**Record excerpts**
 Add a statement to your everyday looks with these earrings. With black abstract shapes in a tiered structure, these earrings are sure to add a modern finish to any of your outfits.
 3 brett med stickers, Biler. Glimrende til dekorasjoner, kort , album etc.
==
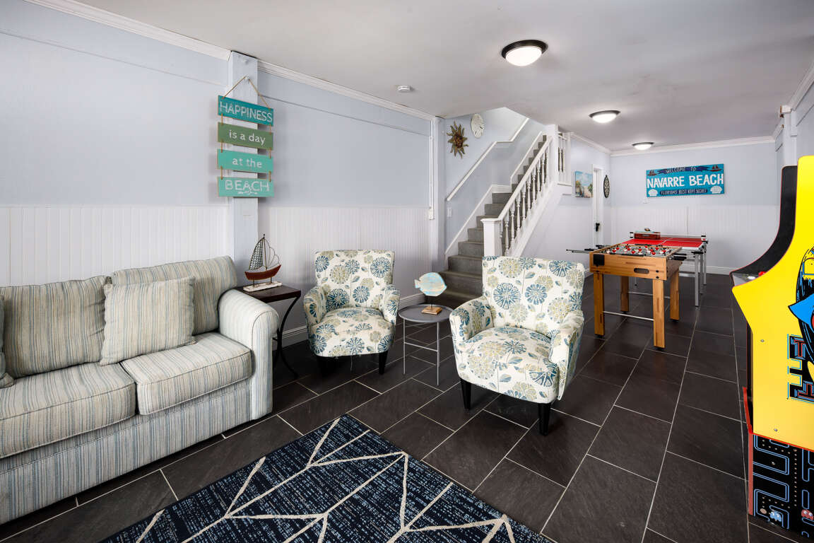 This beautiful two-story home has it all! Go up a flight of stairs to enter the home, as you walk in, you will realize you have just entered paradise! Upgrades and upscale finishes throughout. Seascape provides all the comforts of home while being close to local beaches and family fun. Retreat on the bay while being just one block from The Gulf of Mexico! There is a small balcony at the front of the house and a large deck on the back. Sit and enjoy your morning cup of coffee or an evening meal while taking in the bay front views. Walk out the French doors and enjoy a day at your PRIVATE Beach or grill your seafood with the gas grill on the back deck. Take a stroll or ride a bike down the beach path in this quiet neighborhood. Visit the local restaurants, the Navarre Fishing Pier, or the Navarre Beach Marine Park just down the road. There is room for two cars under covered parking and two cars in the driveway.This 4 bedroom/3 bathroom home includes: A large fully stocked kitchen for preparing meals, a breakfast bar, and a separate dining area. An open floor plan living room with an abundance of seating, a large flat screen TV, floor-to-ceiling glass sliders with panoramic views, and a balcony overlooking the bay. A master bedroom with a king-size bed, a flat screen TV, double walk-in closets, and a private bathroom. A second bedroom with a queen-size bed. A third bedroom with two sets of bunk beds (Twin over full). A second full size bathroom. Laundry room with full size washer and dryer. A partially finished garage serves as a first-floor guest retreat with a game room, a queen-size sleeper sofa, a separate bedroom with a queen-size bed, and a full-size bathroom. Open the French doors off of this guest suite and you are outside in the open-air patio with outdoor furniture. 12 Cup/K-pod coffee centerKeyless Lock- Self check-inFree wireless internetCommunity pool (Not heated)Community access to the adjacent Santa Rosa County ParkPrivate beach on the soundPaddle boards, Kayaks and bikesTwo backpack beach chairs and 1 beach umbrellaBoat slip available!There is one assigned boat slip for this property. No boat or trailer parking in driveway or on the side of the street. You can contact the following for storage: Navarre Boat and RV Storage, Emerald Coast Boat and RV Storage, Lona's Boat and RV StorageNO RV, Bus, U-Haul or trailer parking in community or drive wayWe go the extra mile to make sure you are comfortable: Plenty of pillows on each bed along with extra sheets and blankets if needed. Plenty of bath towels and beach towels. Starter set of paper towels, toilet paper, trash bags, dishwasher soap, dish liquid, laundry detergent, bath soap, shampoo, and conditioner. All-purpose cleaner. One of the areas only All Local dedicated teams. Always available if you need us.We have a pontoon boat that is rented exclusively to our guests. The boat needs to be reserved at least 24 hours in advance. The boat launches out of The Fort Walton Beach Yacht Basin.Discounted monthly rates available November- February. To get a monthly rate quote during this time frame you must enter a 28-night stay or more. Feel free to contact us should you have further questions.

**Your task**
Return, unchanged, the run of lines above that opens with the line containing "Add a statement" and closes with the line containing "3 brett med". Include both.

**Exercise solution**
 Add a statement to your everyday looks with these earrings. With black abstract shapes in a tiered structure, these earrings are sure to add a modern finish to any of your outfits.
 3 brett med stickers, Biler. Glimrende til dekorasjoner, kort , album etc.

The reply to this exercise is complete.